### The problem
Nothing outside the stretch is wanted. Repeat exactly the lines of the listing below from the one that contains "7日中午,西乡河东社区,杨武" through the one that contains "DouPHP是一款轻量级企业", both ends included.

### The data
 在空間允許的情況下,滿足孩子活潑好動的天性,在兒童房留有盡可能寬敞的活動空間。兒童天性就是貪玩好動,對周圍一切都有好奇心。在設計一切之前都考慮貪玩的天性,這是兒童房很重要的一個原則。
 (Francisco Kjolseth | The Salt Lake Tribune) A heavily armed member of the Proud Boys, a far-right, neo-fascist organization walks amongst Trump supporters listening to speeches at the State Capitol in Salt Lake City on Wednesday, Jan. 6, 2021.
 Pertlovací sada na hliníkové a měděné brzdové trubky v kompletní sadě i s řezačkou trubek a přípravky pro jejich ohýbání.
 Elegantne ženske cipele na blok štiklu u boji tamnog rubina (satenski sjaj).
--
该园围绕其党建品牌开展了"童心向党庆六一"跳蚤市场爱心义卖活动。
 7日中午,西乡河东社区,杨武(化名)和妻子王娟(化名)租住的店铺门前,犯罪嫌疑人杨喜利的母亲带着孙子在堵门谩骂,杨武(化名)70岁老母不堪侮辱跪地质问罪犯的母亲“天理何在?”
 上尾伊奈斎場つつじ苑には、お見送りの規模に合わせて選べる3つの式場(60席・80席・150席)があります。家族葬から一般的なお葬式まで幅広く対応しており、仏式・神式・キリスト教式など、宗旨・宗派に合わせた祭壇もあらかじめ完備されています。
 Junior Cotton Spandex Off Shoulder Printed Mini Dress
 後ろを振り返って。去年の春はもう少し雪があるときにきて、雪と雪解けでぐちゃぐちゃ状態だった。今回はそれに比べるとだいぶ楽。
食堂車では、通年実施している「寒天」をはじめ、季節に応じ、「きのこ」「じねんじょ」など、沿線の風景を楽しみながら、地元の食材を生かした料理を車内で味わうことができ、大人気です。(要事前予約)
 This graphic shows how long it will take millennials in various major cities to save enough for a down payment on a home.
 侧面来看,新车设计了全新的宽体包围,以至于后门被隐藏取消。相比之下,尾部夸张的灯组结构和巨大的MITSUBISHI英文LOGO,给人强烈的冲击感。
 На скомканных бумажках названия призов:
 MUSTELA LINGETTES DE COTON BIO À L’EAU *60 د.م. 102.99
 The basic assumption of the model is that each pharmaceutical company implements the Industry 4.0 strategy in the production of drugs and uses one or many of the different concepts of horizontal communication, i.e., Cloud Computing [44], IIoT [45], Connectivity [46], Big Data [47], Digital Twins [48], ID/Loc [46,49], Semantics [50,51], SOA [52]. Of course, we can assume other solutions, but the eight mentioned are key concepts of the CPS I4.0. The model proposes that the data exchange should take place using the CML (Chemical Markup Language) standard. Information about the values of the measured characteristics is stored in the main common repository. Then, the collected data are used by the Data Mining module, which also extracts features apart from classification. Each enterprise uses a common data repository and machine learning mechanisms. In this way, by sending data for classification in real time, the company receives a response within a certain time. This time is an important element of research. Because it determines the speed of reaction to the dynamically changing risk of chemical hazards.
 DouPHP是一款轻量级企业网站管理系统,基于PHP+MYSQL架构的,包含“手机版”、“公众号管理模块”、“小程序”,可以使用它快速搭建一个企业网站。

### Output
 7日中午,西乡河东社区,杨武(化名)和妻子王娟(化名)租住的店铺门前,犯罪嫌疑人杨喜利的母亲带着孙子在堵门谩骂,杨武(化名)70岁老母不堪侮辱跪地质问罪犯的母亲“天理何在?”
 上尾伊奈斎場つつじ苑には、お見送りの規模に合わせて選べる3つの式場(60席・80席・150席)があります。家族葬から一般的なお葬式まで幅広く対応しており、仏式・神式・キリスト教式など、宗旨・宗派に合わせた祭壇もあらかじめ完備されています。
 Junior Cotton Spandex Off Shoulder Printed Mini Dress
 後ろを振り返って。去年の春はもう少し雪があるときにきて、雪と雪解けでぐちゃぐちゃ状態だった。今回はそれに比べるとだいぶ楽。
食堂車では、通年実施している「寒天」をはじめ、季節に応じ、「きのこ」「じねんじょ」など、沿線の風景を楽しみながら、地元の食材を生かした料理を車内で味わうことができ、大人気です。(要事前予約)
 This graphic shows how long it will take millennials in various major cities to save enough for a down payment on a home.
 侧面来看,新车设计了全新的宽体包围,以至于后门被隐藏取消。相比之下,尾部夸张的灯组结构和巨大的MITSUBISHI英文LOGO,给人强烈的冲击感。
 На скомканных бумажках названия призов:
 MUSTELA LINGETTES DE COTON BIO À L’EAU *60 د.م. 102.99
 The basic assumption of the model is that each pharmaceutical company implements the Industry 4.0 strategy in the production of drugs and uses one or many of the different concepts of horizontal communication, i.e., Cloud Computing [44], IIoT [45], Connectivity [46], Big Data [47], Digital Twins [48], ID/Loc [46,49], Semantics [50,51], SOA [52]. Of course, we can assume other solutions, but the eight mentioned are key concepts of the CPS I4.0. The model proposes that the data exchange should take place using the CML (Chemical Markup Language) standard. Information about the values of the measured characteristics is stored in the main common repository. Then, the collected data are used by the Data Mining module, which also extracts features apart from classification. Each enterprise uses a common data repository and machine learning mechanisms. In this way, by sending data for classification in real time, the company receives a response within a certain time. This time is an important element of research. Because it determines the speed of reaction to the dynamically changing risk of chemical hazards.
 DouPHP是一款轻量级企业网站管理系统,基于PHP+MYSQL架构的,包含“手机版”、“公众号管理模块”、“小程序”,可以使用它快速搭建一个企业网站。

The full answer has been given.